During the Occupation, between September 1940 and August 1944, the Hotel Meurice served both as the headquarters of the German military command of the Paris garrison6 and as General Dietrich von's official residence Choltitz7.

In the 1950s, the crowned heads made way for a rich clientele of business people, show-business stars, and other artists. Among the latter was Salvador Dalí, who resided there for one month a year in the former royal suite of Alfonso XIII, from 1959 until his death thirty years later.

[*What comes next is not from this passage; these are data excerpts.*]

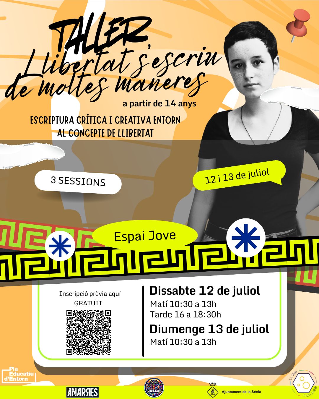 El 12 i 13 de juliol, a l’Espai Jove de la Sénia es realitzarà un interessant taller: “Llibertat s’escriu de moltes maneres“, consistent en realitzar escriptura crítica i creativa entorn al concepte de llibertat. El taller és per a joves de a partir de 14 anys i són tres sessions gratuïtes. Vine a experimentar, no t’ho perdis!!
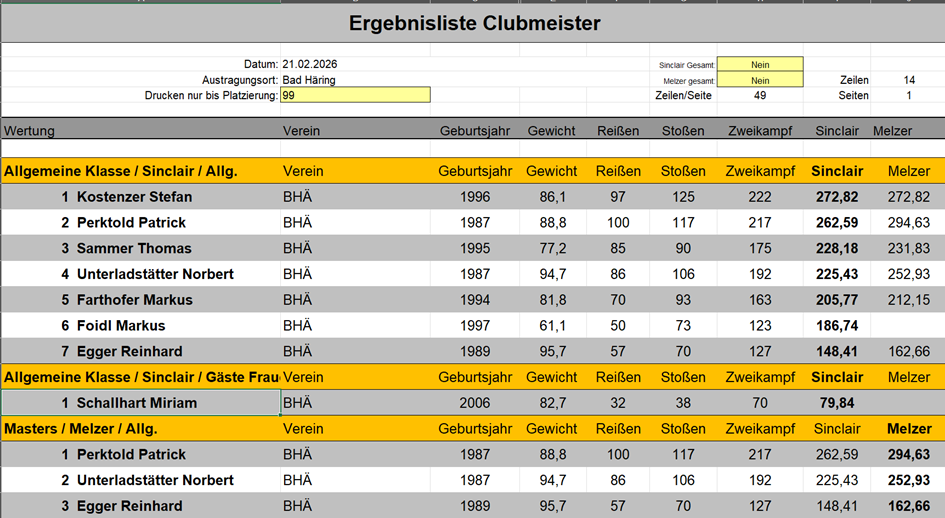 Bad Häring, 21.02.2026 – Die Turnhalle der Volksschule Bad Häring platzte aus allen Nähten: Wie gewohnt pilgerten zahlreiche Fans zum Saisonhighlight, um die Athleten des Gewichthebervereins anzufeuern.
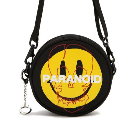 AZS TOKYOデザイナーのオリジナルグラフィックとフォントをシルクスクリーンプリントで表現したショルダーバッグ。丸形のミニサイズながらも財布や携帯などを収納できるのでタウンユースでも活用できる絶妙なサイズ感。オリジナルの手錠チャームがついていたりとアクセサリー感覚でもお使いいただけます。ベルト部分のサイズ調整も可能なのでユニセックスでご使用して頂けます。AZSTOKYO・・・AZSTOKYO IS AN TOKYO−BASED FASHION LABEL BY DESIGNER、 CROSS. ESTABLISHED IN 2013、 CROSS FIRST STARTED AS A CAP BRAND.
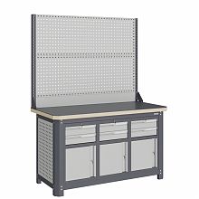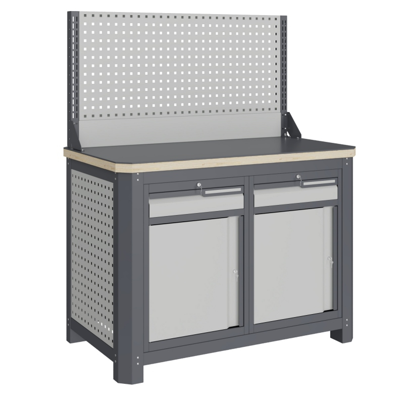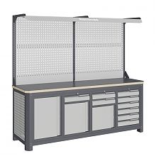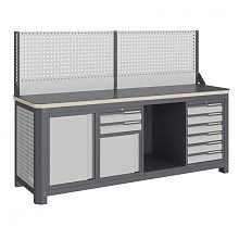 Рабочее место MECHANIC: MCN 1252.S88-1 состоит из столешницы шириной 1193 мм, рамы верстака, состоящей из опор, перемычек, боковых перфопанелей, двух небольших модулей S8 (один ящик и дверца), экран с кронштейнами.
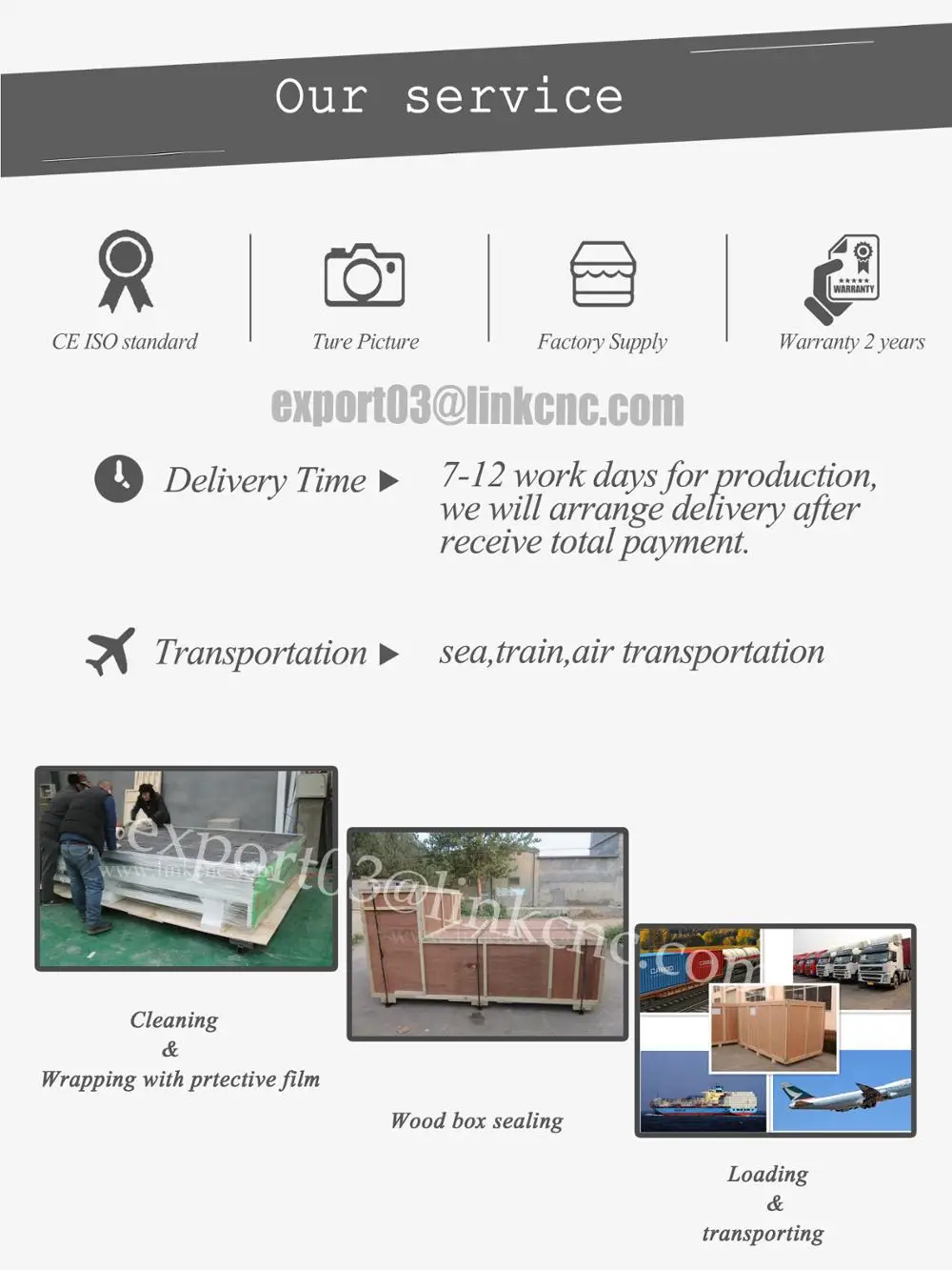Мы предлагаем сервис от вас, включая, как установить машину, как использовать машину, как разрешить работу машины и так далее. Обычно мы научим вас, как делать по электронной почте или по skype,wechat,whatsaap. Наш инженер имеет многолетний опыт работы с ЧПУ. Он хорошо говорит по-английски, поэтому он может решить эту проблему за короткое время.
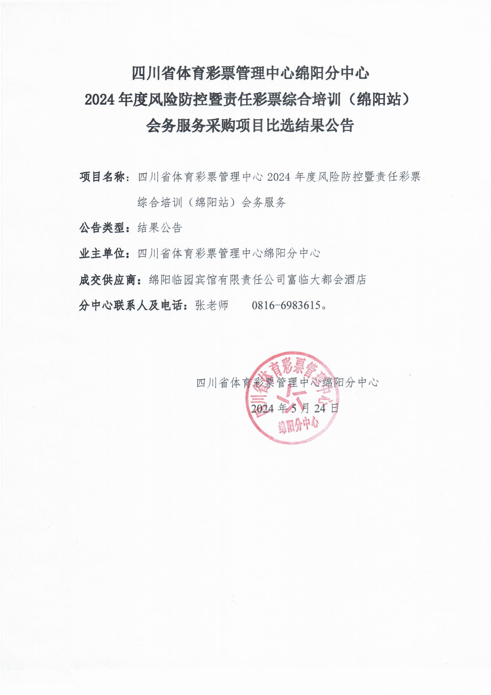 四川省體育彩票管理中心綿陽分中心2024年度風(fēng)險(xiǎn)防控暨責(zé)任彩票綜合培訓(xùn)(綿陽站)會(huì)務(wù)服務(wù)采購項(xiàng)目比選結(jié)果公告
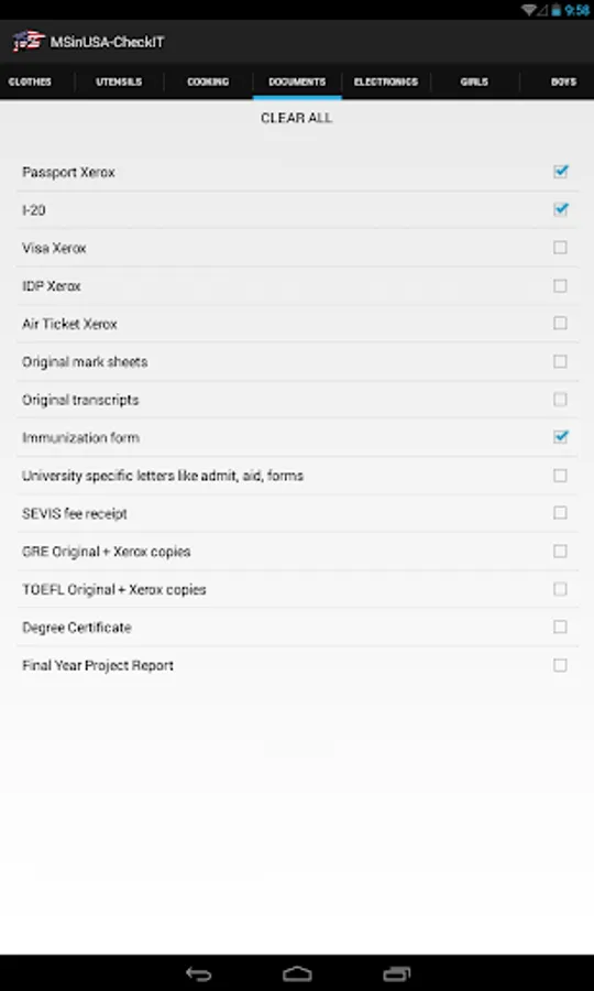 This application is a Check List for Students travelling to the United States to pursue their Higher Education.
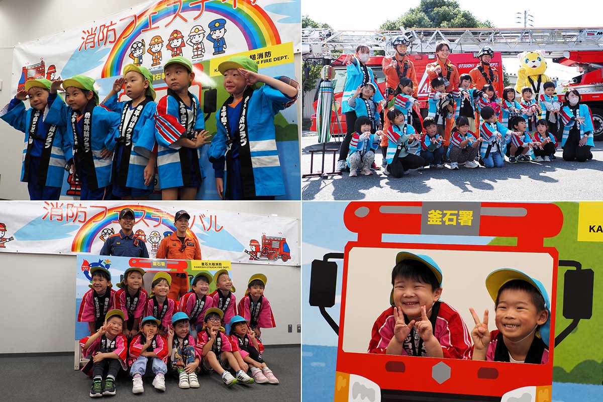 釜石市幼年消防クラブ消防ふれあいフェスティバルが15日、同市鈴子町の釜石消防署で開かれた。市内3保育施設の園児や保育士ら約40人が、消防車両の乗車や放水などの体験を通じて防火の意識を高めた。
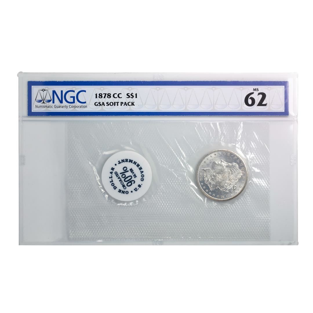 One 1878-CC $1 Morgan Silver Dollar Coin GSA Hoard Soft Pack NGC MS62. NGC Certified.
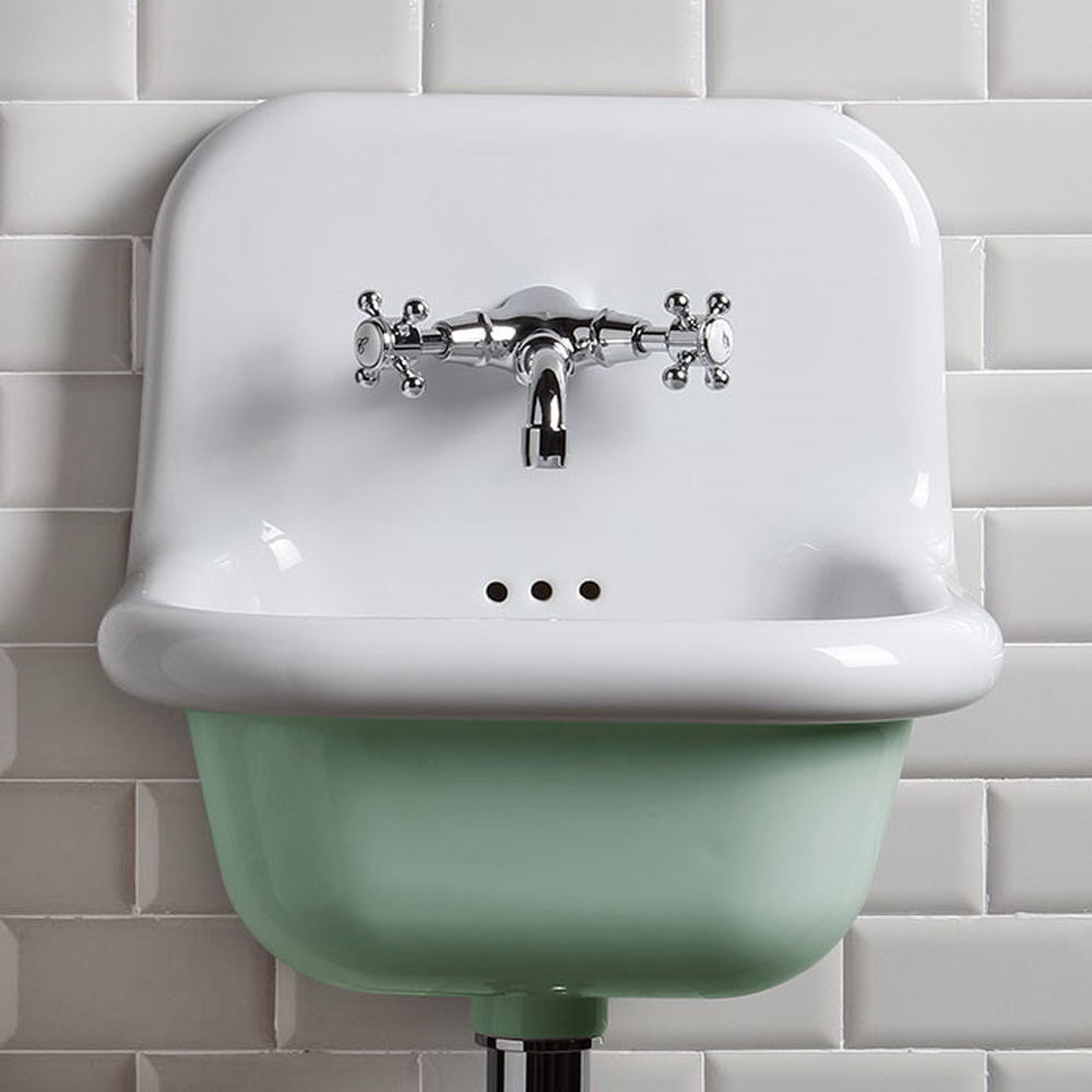 Lavatório autoportante moderno em cerâmica branca e colorida de 42 cm.

In 1984, the establishment was acquired for approximately $100 million by the Aga Khan IV, which he sold in 1997 to the Dorchester Collection, owned by the Sultan of Brunei. Between 1998 and 2000, the hotel underwent a major renovation, restoration, and modification of certain areas, led by Jean-Loup Roubert, chief architect of civil and national palaces.

In 2007, the designer Philippe Starck refreshed the general decoration. In 2008, the hotel launched the Le Meurice Prize for Contemporary Art, a prize that has been suspended since April 13, 2008.